Example 5 detection of physicochemical Properties of collagen peptides

In the above comparative examples, the addition ratio of the used alternative protease is close to the optimal ratio of the enzyme, and the exploration process is not detailed, mainly comparing the product differences caused by the difference of the types of the used proteases and the process steps, including chondroitin yield, chondroitin heteroprotein, collagen peptide yield, 280Da oligopeptide content, storage stability and the like. The results are shown in Table 3:

TABLE 3 yield and quality of collagen peptide obtained by different processes

The comparison results in the table show that after the key control links in the process are changed, the process can generate great changes compared with the examples, including increase of chondroitin sulfate heteroprotein, low yield of the prepared collagen peptide, less proportion of 280-plus-450 Da oligopeptide, easy moisture absorption and unfavorable storage, and the like. Therefore, the reasonable technology and relevant parameters for preparing the collagen peptide from the chondroitin sulfate ultrafiltration waste liquid are mastered, the prepared collagen peptide has high yield and high active ingredient ratio, and the product is easy to store for a long time.

Application example 1 measurement of biological Activity of collagen peptide

The collagen peptide has various biological activity effects in the molecular weight region of 200-500Da, and the molecular weight of the collagen peptide prepared by the invention is more than 80% below 500 Da. In order to evaluate the collagen peptides prepared in examples 1 to 3 for efficacy, the results of verifying the efficacy in whitening, moisturizing, etc. are shown in table 4:

table 4 examples 1-3 collagen peptide preparation efficacy test (n = 3)
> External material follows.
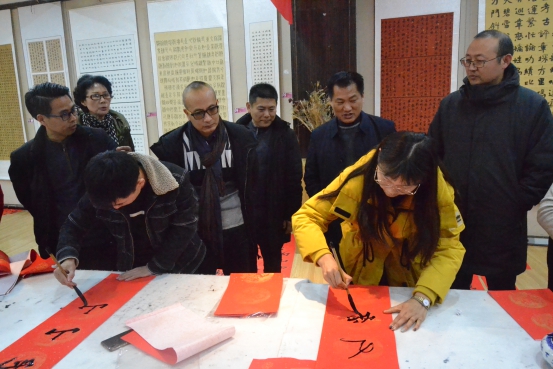 张灯结彩辞旧岁,挥毫泼墨迎新春。为弘扬优秀传统文化,赞美新时代,祈福贺新春,营造温馨祥和的气氛,2020年1月9日,由宿州学院共青团委员会、招生就业处、美术与设计学院(分工会)共同主办的“迎新春 送春联”春联书写活动在艺术楼一楼展厅开展。招就处杨刚处长、王北阳副处长,校团委凌峰副书记(主持工作),学生处贾学彬科长,美术与设计学院吴晓沛书记、许兴海院长、徐强副书记以及书法专业教师、学生参与。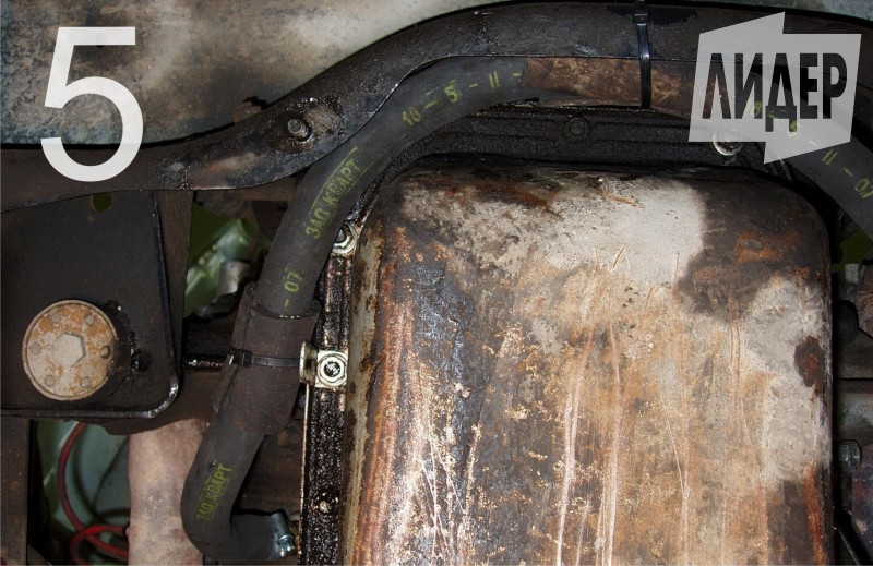 На выходной рукав надеть хомут, рукав надеть на штуцер, находящийся с левой стороны по ходу автомобиля и закрепить соединение хомутом (рис. 2). Входной рукав надеть на штуцер, находящийся с правой стороны по ходу автомобиля и закрепить соединение хомутом (рис. 5). На входной рукав надеть защитные шланги в соответствии с рис. 4, 5. Закрепить ремешком защитный шланг L3 = 100 мм с рукавом через отверстие диаметром 5,5-6,0 мм, которое необходимо предварительно просверлить посередине лонжерона на краю в отбортовке. Закрепить защитный шланг L4 = 50 мм с рукавом к скобке, при этом необходимо исключить касание входного рукава и картера двигателя. Заполнить систему охлаждения. |

According to the results in table 4, the inhibition rate of the 2% solution of the collagen peptide sample prepared in the example on tyrosinase exceeds 30%, and the collagen peptide sample has a good whitening effect. For the moisturizing effect, the product prepared in the embodiment also shows good body surface and in-vitro moisturizing effect, and can effectively prevent water loss.

The collagen peptides prepared in the comparative example were formulated into 2% solutions for tyrosinase inhibition assay, the results of which are shown in table 5:

TABLE 5 average inhibition of tyrosinase (n = 3) for the collagen peptide solutions prepared in comparative examples 1-9

As can be seen from the results in Table 5, the products prepared in the comparative examples had tyrosinase inhibition rates of 18% to 30%, which were lower than those in the examples.